La SFC (Securities and Futures Commission) régule les aspects liés aux marchés financiers, comme la négociation d'actifs virtuels et la gestion de fonds. L'HKMA (Hong Kong Monetary Authority) supervise les aspects bancaires et de paiement, notamment la custodie des actifs par les banques et la stabilité des systèmes de paiement.
Combien coûte-t-il d'obtenir une licence de négociation d'actifs virtuels ?
Il n'y a pas de tarif fixe unique, mais l'exigence de capital minimum est de 129 730 HKD. Au-delà du capital, les coûts incluent les frais juridiques, les audits de conformité, les systèmes de cybersécurité et les salaires du personnel qualifié requis pour la supervision 24/7.
Les lois sur la crypto de Hong Kong s'appliquent-elles aux entreprises étrangères ?
Oui, le cadre réglementaire a une portée extraterritoriale. Si une entreprise située à l'étranger offre des services de négociation ou de custodie d'actifs virtuels à des investisseurs basés à Hong Kong, elle doit se conformer aux exigences de licence locales.
Est-ce que Hong Kong est meilleur que Singapour pour investir en crypto en 2026 ?

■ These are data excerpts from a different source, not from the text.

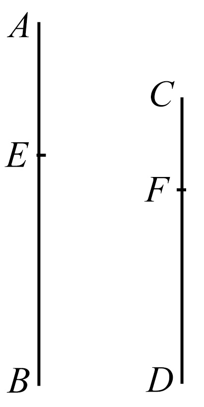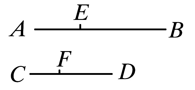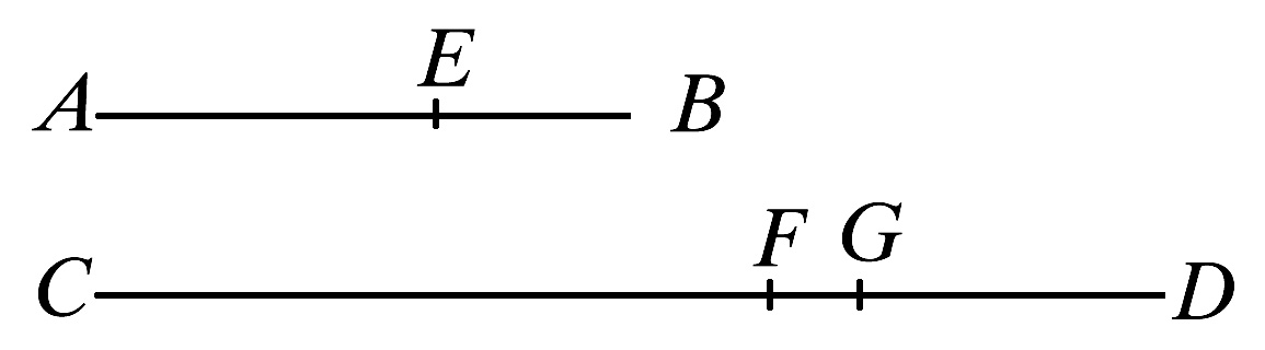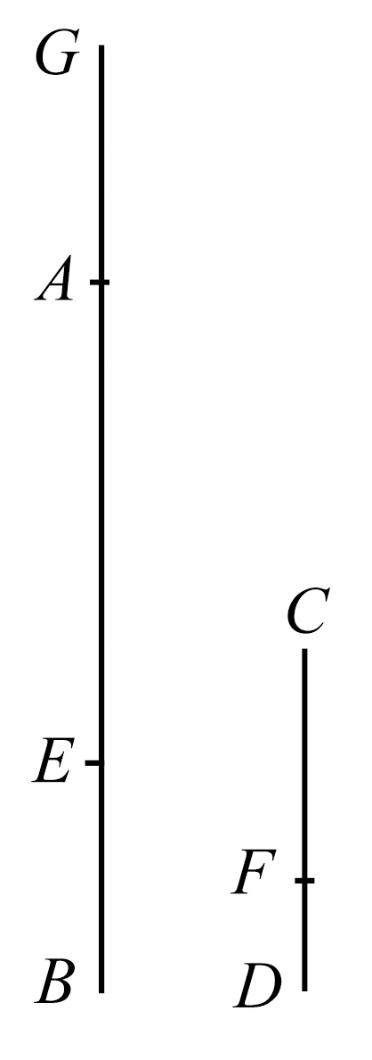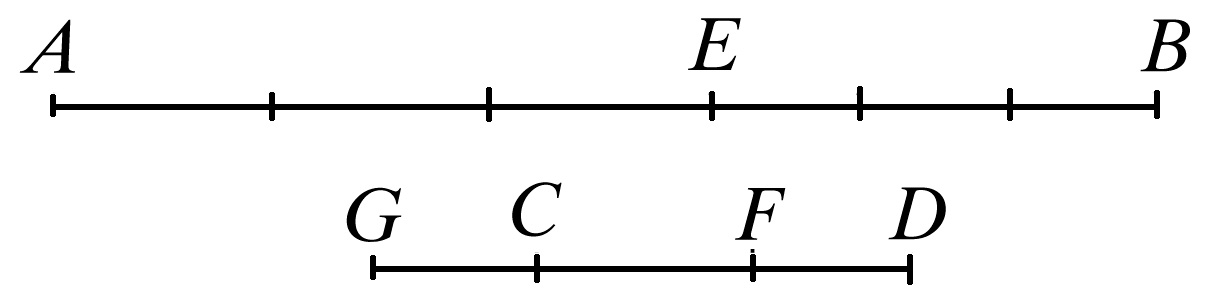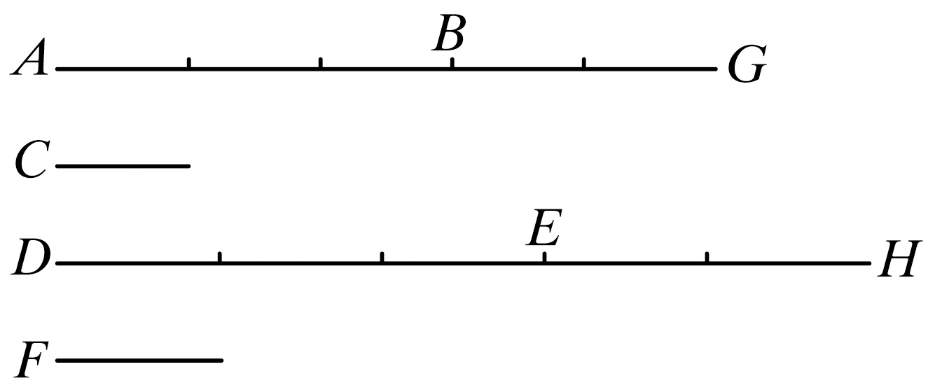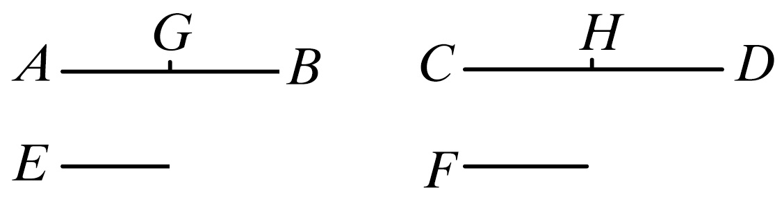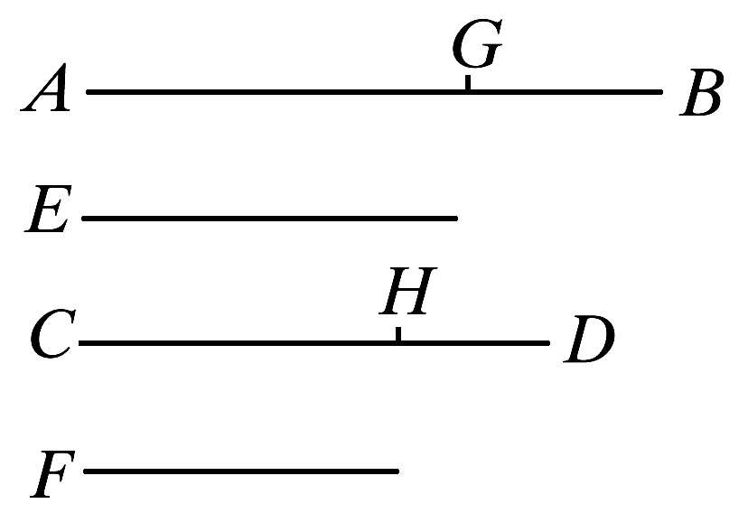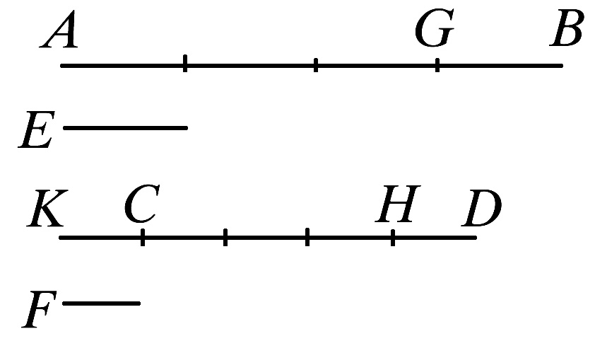 设AB被分成等于E的量AG、GB,并且CD被分成等于F的量CH、HD.那么,量AG、GB的个数等于量CH、HD的个数。
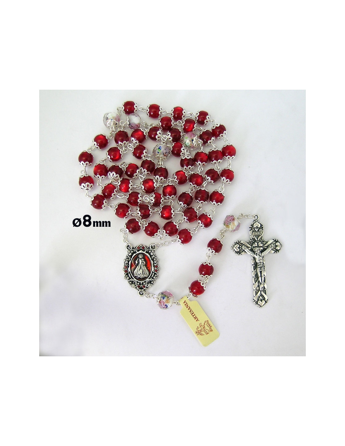 Rosario Cristal Liso 8mm Estampado Rojo Maria Corazon Personalizada Copetas
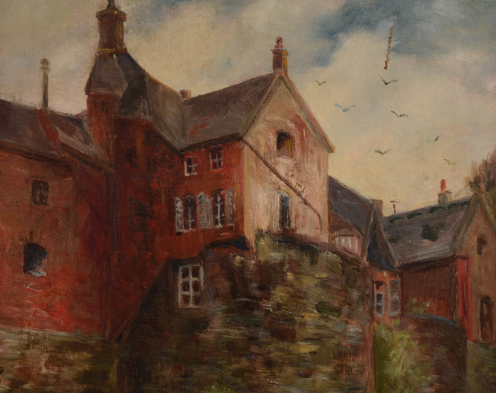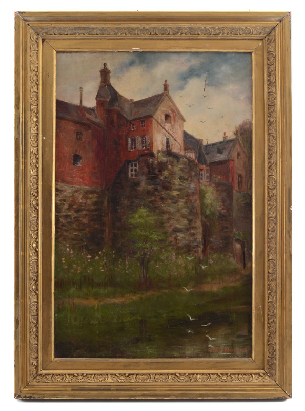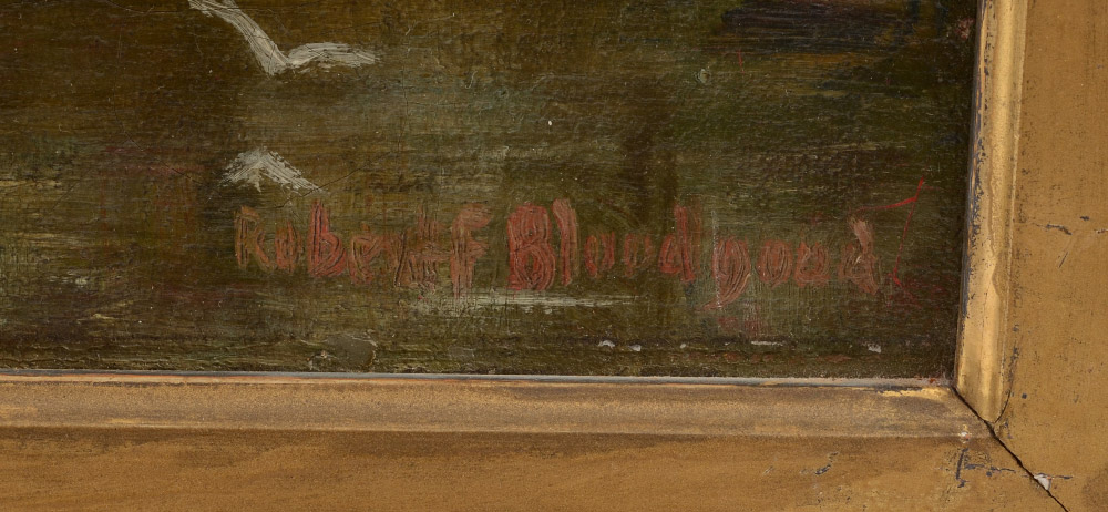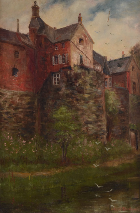 BLOODGOOD, Robert (American, 20th Century): ''House on the Wall'', Oil/Canvas, 21 1/4'' x 14'', signed lower right, old label affixed verso, gilded wooden liner, 26'' x 18 3/4''.
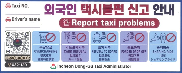 [파이낸셜경제=김기보 기자] 인천 동구는 외국인 관광객을 대상으로 한 불법 택시 영업을 근절하고 이용 편의를 높이기 위해‘불편 신고 QR스티커’를 택시에 부착한다고 밝혔다.
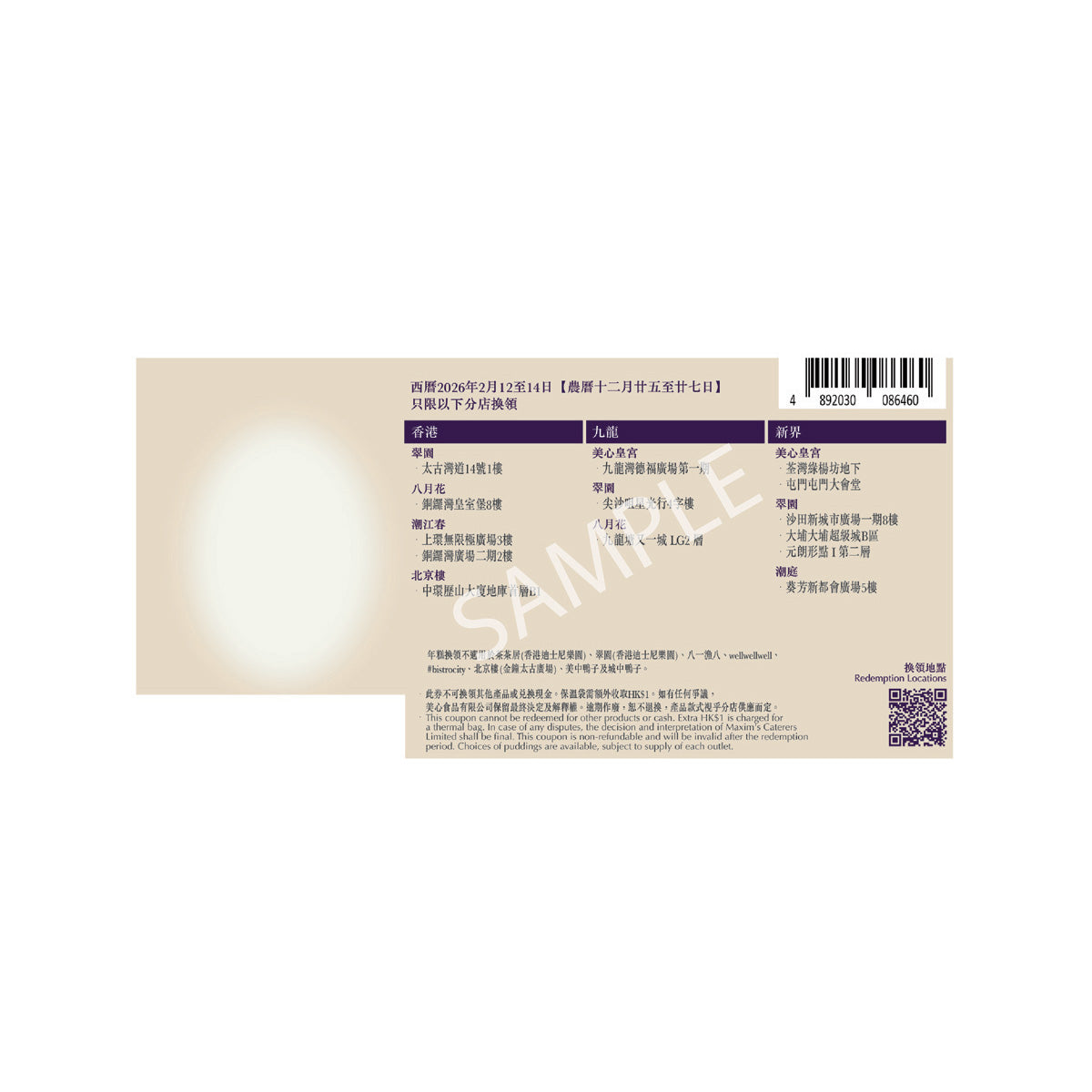 - 2026年2月12日至2026年2月14日:只限指定香港美心集團分店
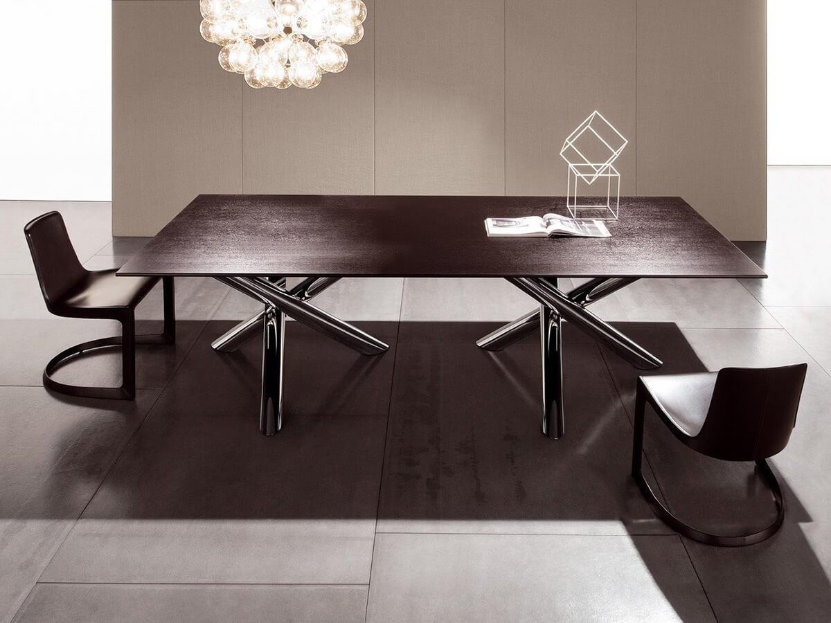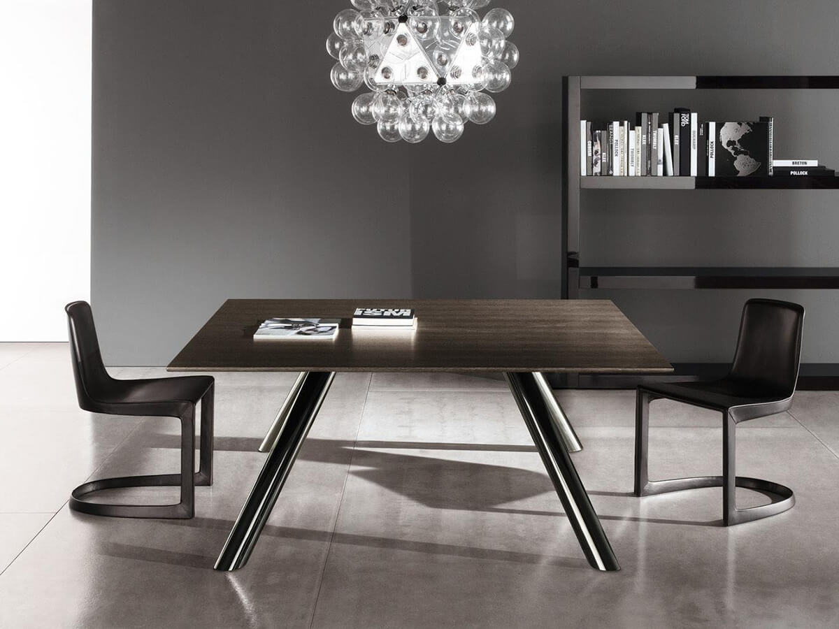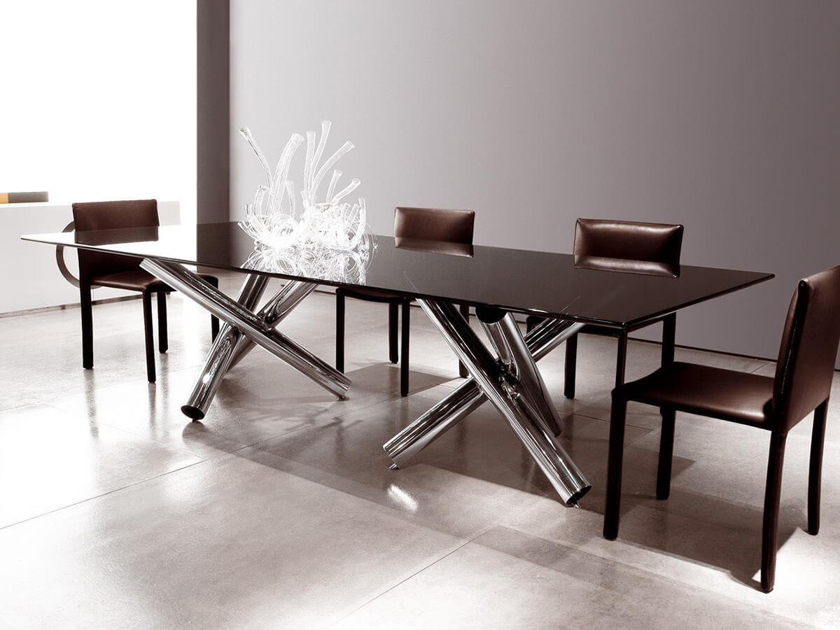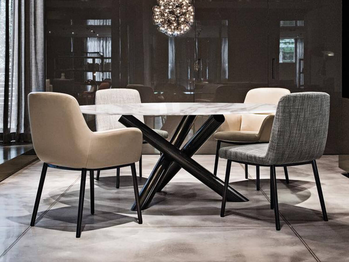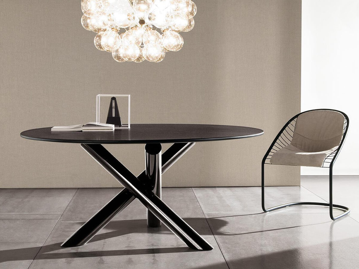Halfway between a sculpture and a piece of furniture, the Van Dyck table combines the refinement of construction details with extremely fine finishes. The characteristic support base consists of three metal tubes with a diameter of 10 centimeters welded together to create a highly suggestive shape. The top is available in round, square and rectangular versions, in different sizes. Here, too, the available finishes are developed in a unique assortment aimed at promoting unparalleled customization that ranges from marble, wood, glass, lacquer and much more. The personality of the Von Dyck table stands out in any environment, thus finding its place in different contexts and living dimensions.
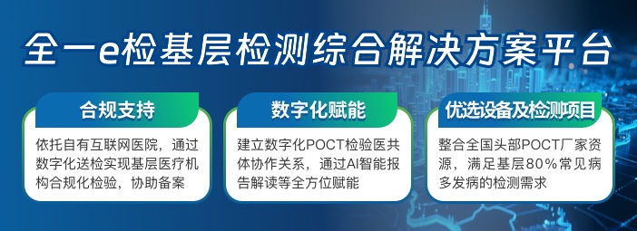 Leveraging our proprietary internet hospital, Quanyi E-Test has completed the integration of resources from leading POCT manufacturers nationwide, covering multiple testing categories including hematology, immunology, biochemistry, and electrocardiography. With superior quality control and more accurate data, results are available in 3–15 minutes, meeting the testing needs for 80% of common and frequently-occurring diseases at the primary care level.
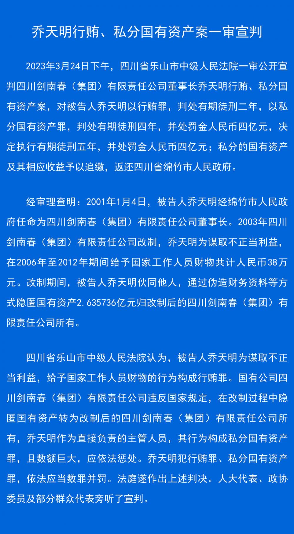 3月24日下午,乐山市中级人民法院公开宣判四川剑南春集团有限责任公司(下称剑南春集团)原董事长乔天明行贿、私分国有资产案,对被告人乔天明以行贿罪判处有期徒刑二年、以私分国有资产罪判处有期徒刑四年,并处罚金4亿元,决定执行有期徒刑五年,并处罚金4亿元;私分国有资产及其相应收益予以追缴,返还四川省绵竹市政府。
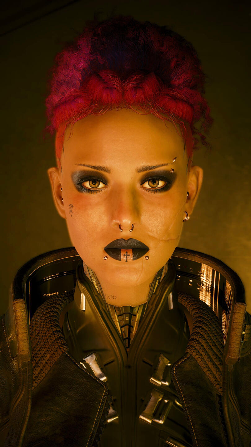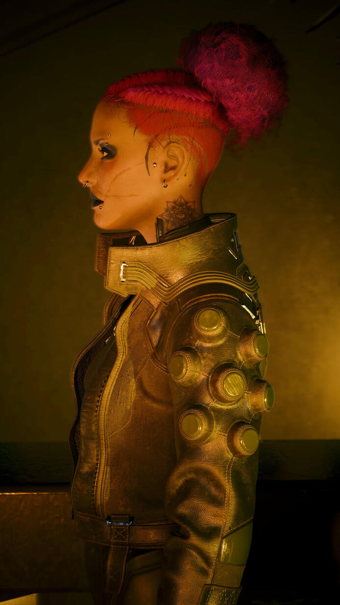 Now in the open world Vera struggles to adapt. Accustomed to bland food, cold white walls, and the same routine, the blinding lights and overstimulating world of Night City leaves them curled up in an alleyway. To their luck however, they soon bump into Jackie Welles. Jackie protects them and temporarily homes them, where they develop a close bond. While they appreciate him dearly, Vera is widely unfulfilled without "proper" structure in their life. They bump into Kurt Hansen, which eventually leads to years of becoming a loyal lapdog for him while doing odd jobs on the side. It's only when they once again meet Jackie that they're called in for help with The Heist. The reunion is a bit tense considering Vera’s sudden disappearance, and the difference in Vera's personality. Where they were once naive they're now almost arrogant and aloof.

Cela dépend de votre profil. Hong Kong offre une clarté réglementaire supérieure et une croissance rapide dans la tokenisation des actifs réels (RWA), avec une forte orientation institutionnelle. Singapour conserve une part de marché plus importante et un écosystème plus mature, mais Hong Kong attire de plus en plus d'entreprises grâce à son calendrier progressif et ses incitations fiscales liées à la stratégie LEAP.